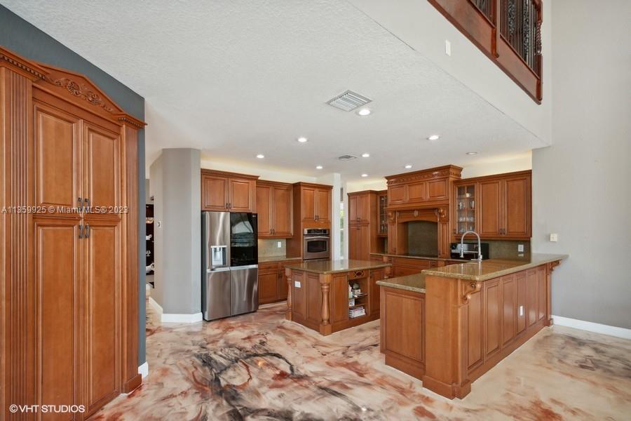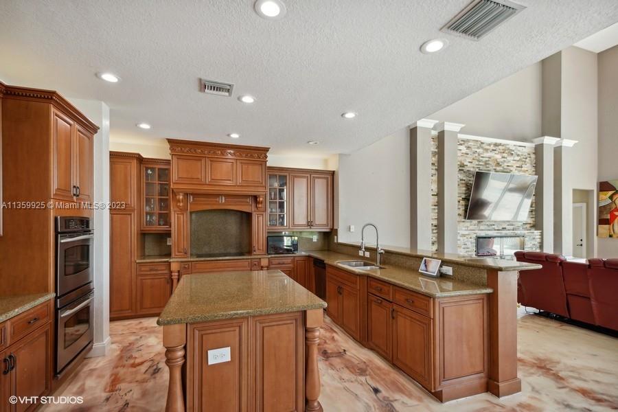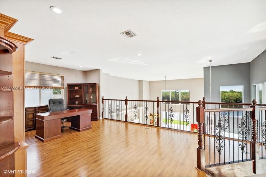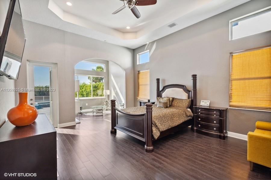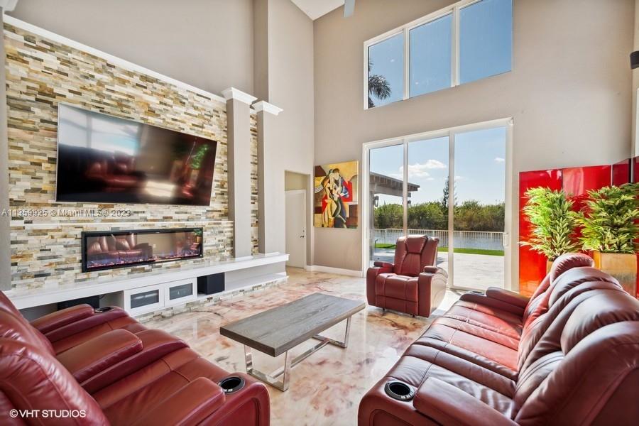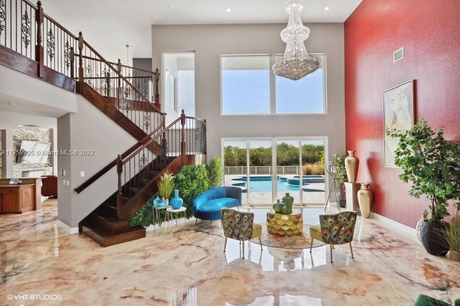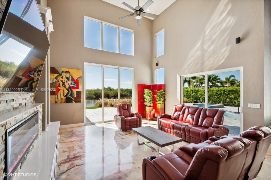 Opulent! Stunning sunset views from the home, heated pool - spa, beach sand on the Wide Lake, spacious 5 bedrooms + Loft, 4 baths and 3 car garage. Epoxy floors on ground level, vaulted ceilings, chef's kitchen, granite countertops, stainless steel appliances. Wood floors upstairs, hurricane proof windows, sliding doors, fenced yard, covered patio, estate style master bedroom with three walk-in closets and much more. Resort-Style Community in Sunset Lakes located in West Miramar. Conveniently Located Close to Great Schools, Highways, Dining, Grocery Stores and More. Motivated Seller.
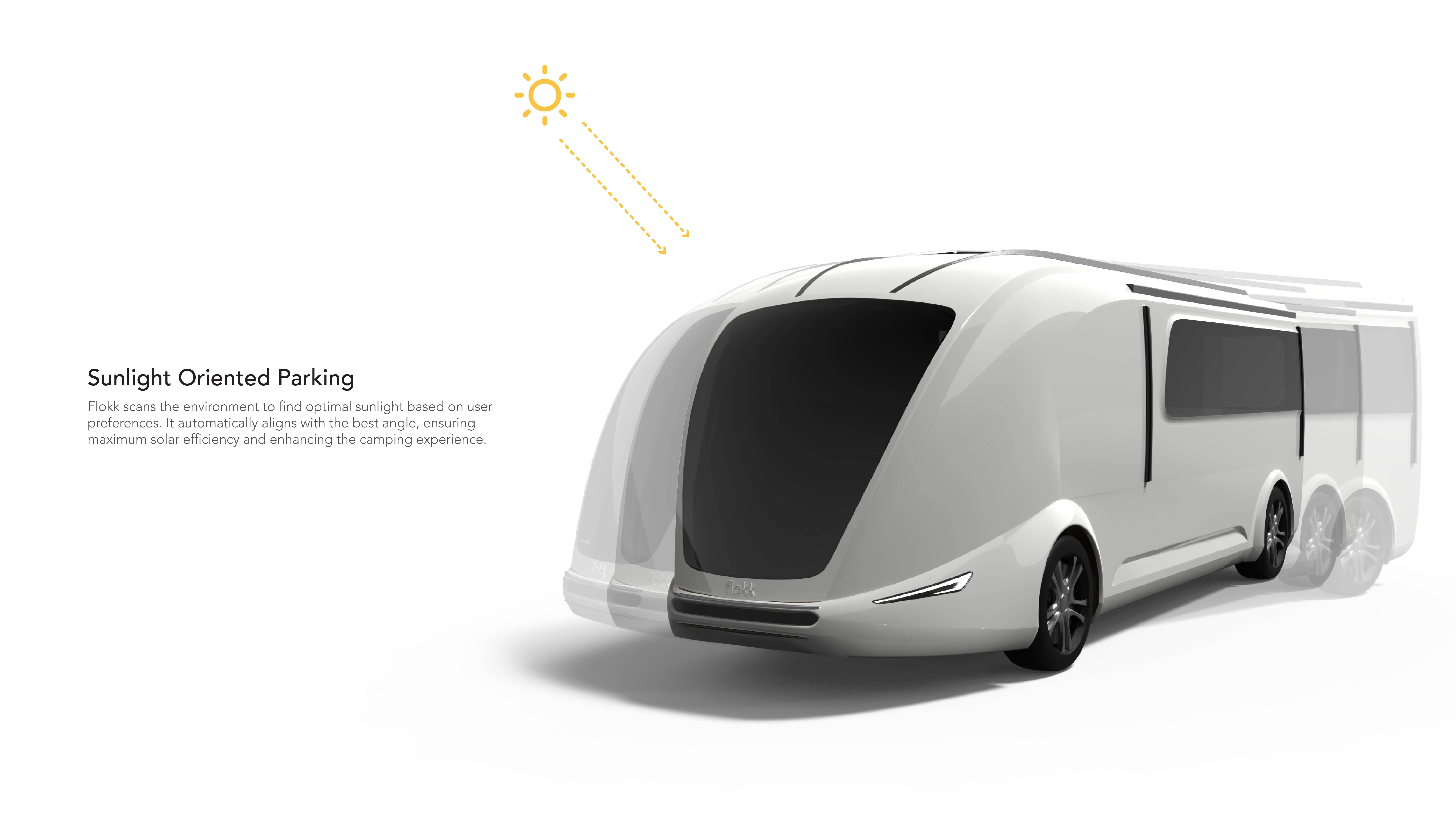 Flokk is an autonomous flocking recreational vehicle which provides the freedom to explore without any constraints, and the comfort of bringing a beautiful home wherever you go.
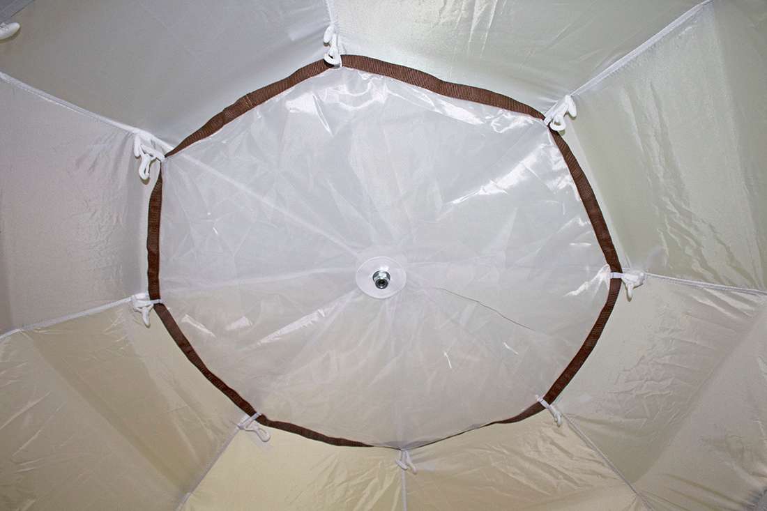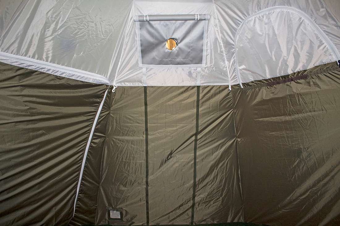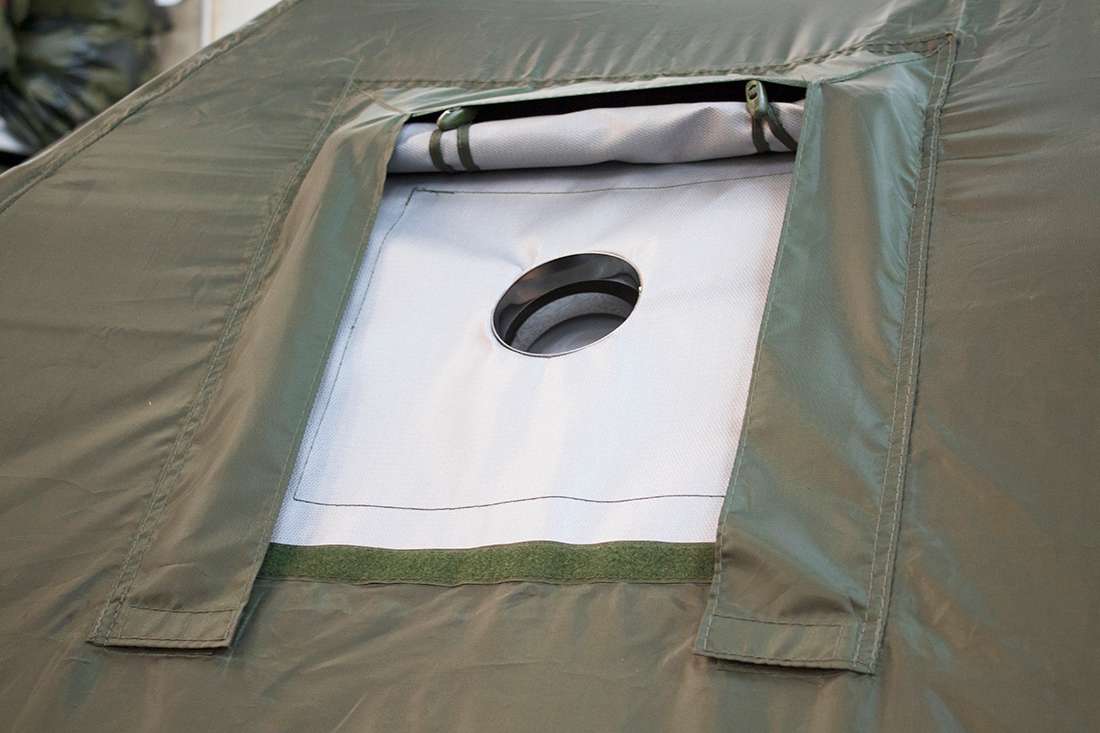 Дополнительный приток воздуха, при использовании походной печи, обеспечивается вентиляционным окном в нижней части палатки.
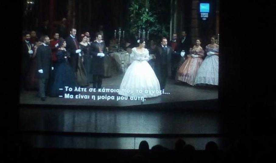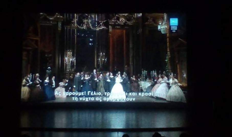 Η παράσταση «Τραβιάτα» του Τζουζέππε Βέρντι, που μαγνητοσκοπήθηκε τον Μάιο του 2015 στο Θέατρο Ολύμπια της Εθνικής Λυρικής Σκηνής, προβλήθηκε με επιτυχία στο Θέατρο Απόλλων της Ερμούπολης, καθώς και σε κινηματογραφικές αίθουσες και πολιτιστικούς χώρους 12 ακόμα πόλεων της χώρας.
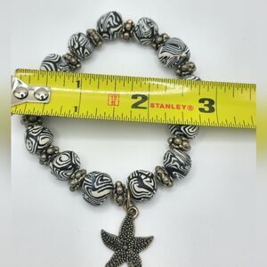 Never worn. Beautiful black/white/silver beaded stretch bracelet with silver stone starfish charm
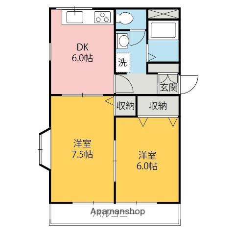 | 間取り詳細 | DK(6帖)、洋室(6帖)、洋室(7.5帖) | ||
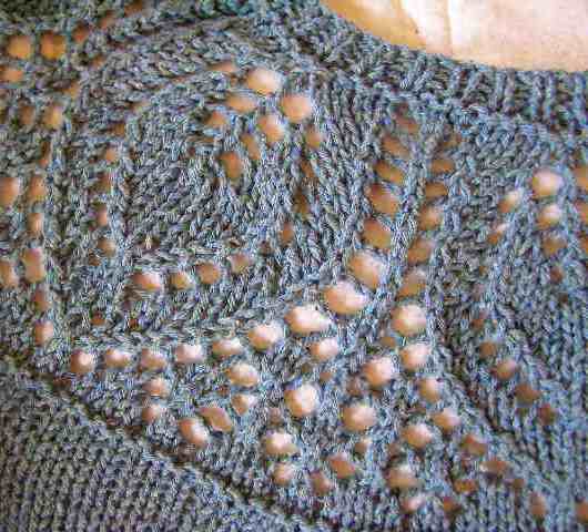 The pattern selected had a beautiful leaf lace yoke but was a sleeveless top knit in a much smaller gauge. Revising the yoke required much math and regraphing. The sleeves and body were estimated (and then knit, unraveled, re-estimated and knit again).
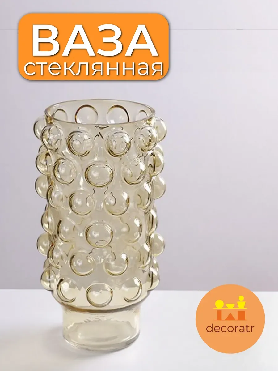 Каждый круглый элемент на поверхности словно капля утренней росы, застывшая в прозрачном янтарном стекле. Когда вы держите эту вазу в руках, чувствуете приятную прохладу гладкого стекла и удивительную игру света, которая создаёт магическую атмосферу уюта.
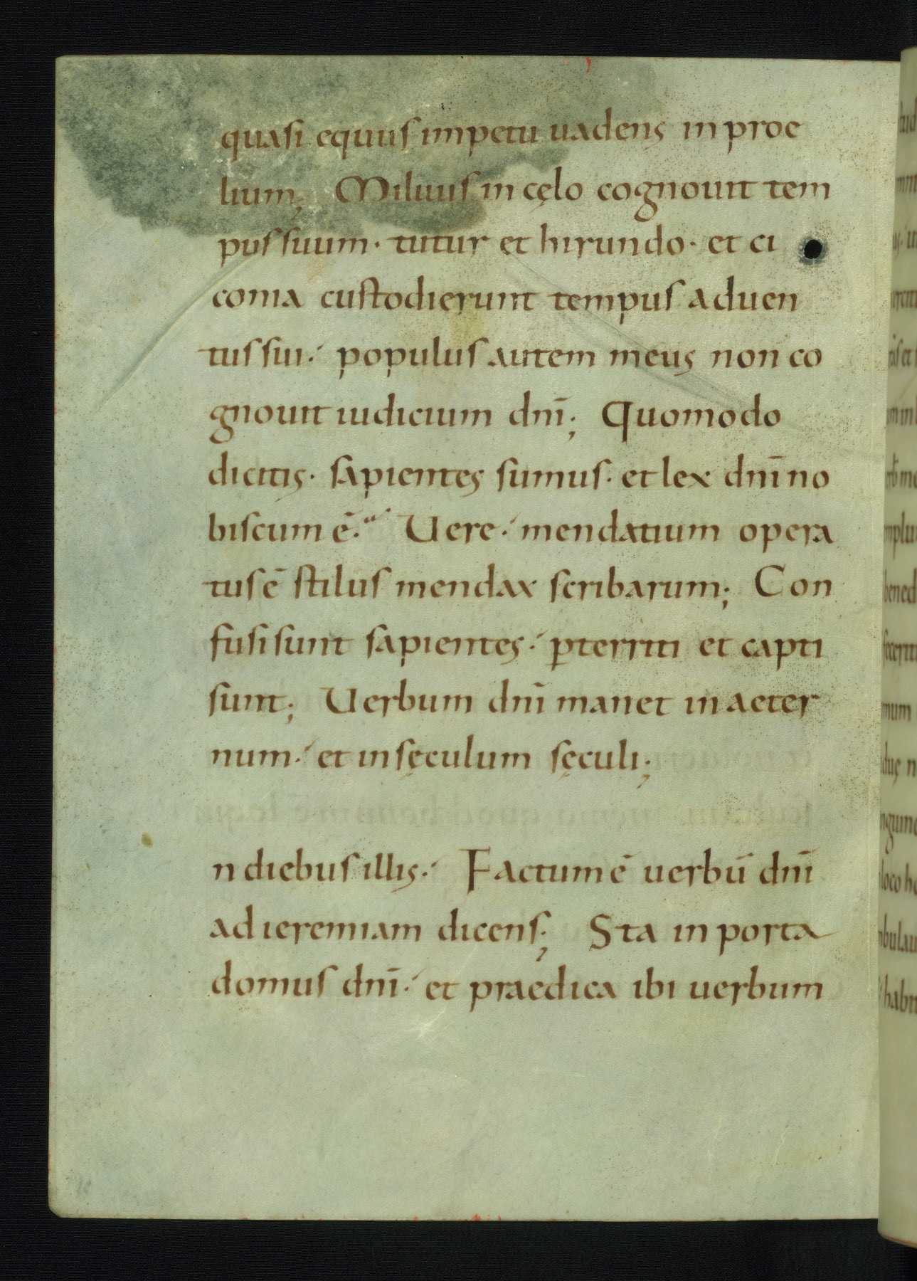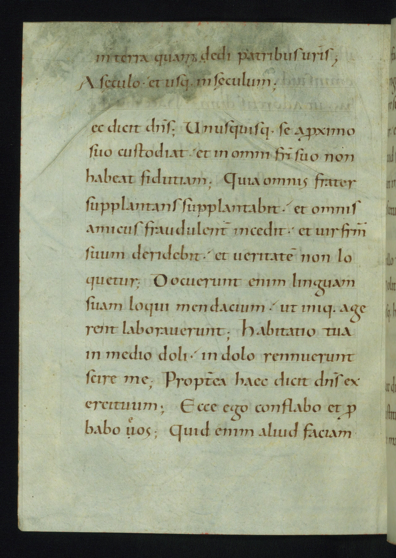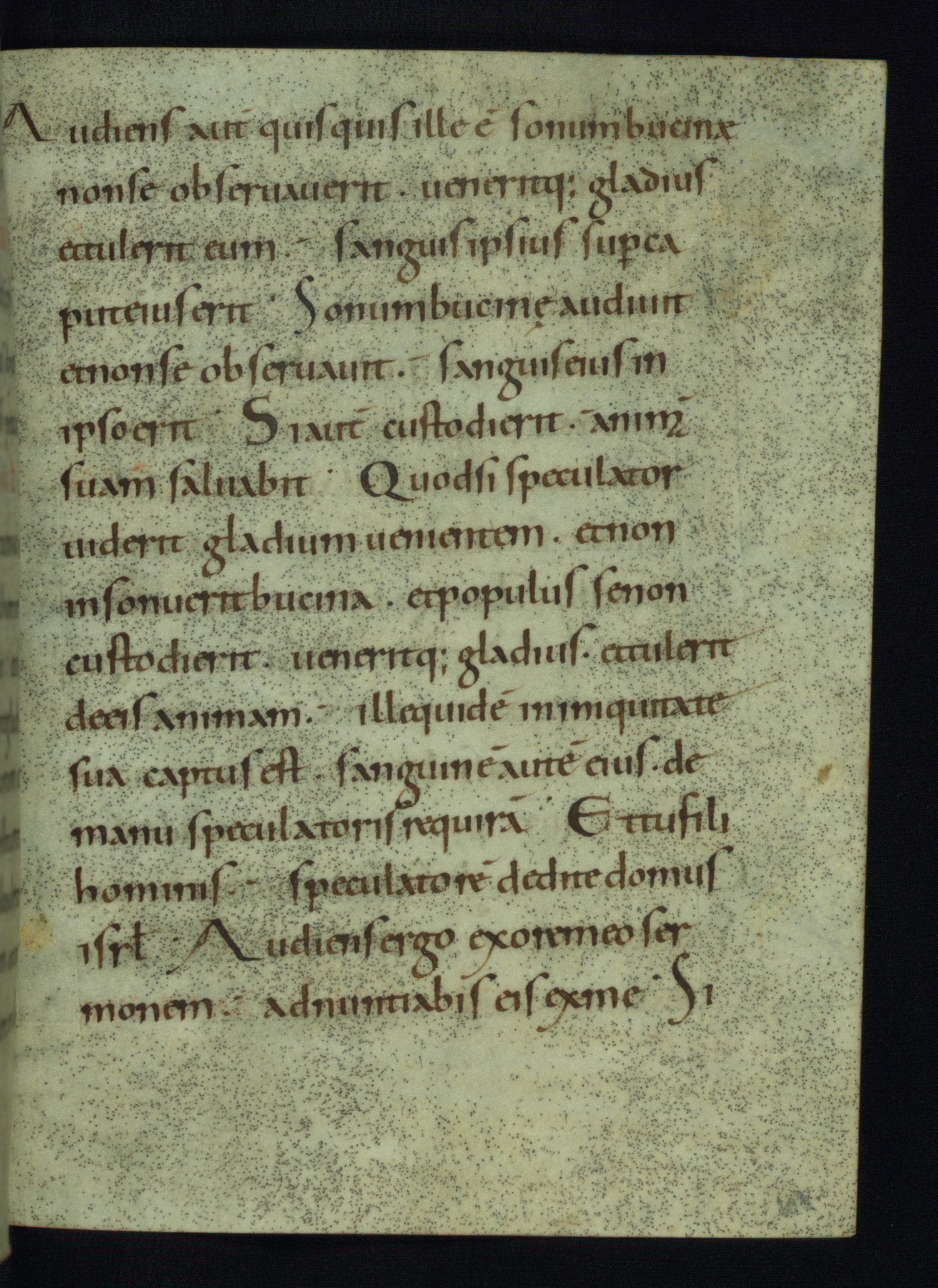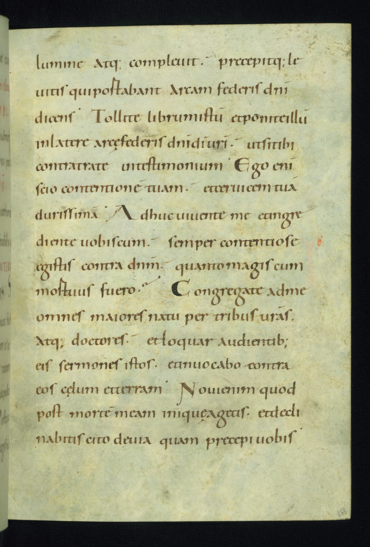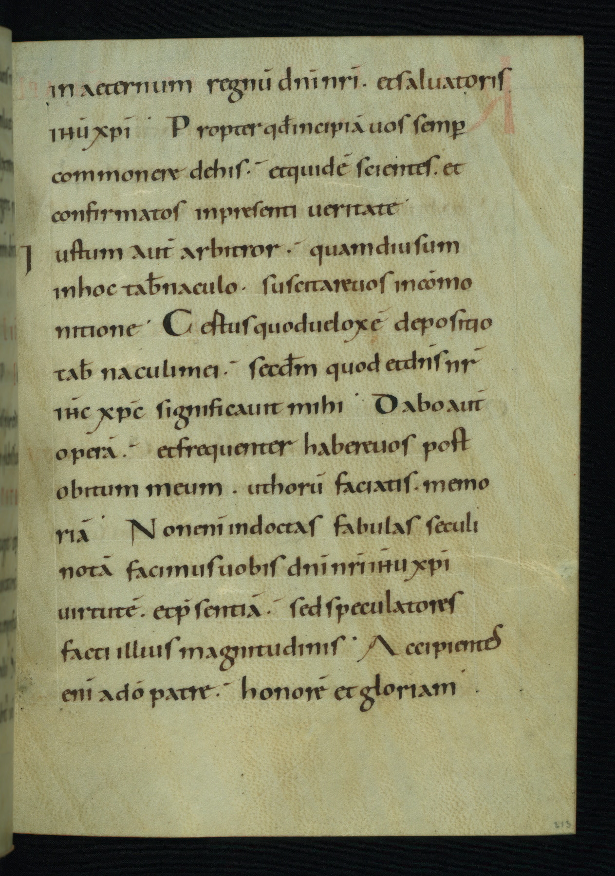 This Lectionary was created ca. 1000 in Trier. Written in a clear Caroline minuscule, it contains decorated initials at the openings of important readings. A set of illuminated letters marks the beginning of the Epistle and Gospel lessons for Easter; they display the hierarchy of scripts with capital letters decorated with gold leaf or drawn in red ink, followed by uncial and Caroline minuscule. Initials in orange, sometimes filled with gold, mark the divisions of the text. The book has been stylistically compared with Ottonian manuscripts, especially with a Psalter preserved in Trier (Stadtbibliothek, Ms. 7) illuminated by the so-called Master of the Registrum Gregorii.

> **WORK TO COMPLETE**
In the entries above, find the line containing "Never worn. Beautiful" and the line containing "The pattern selected", then copy both and every line between them exactly, without any picture.

> **RESULT**
 Never worn. Beautiful black/white/silver beaded stretch bracelet with silver stone starfish charm
 | 間取り詳細 | DK(6帖)、洋室(6帖)、洋室(7.5帖) | ||
 The pattern selected had a beautiful leaf lace yoke but was a sleeveless top knit in a much smaller gauge. Revising the yoke required much math and regraphing. The sleeves and body were estimated (and then knit, unraveled, re-estimated and knit again).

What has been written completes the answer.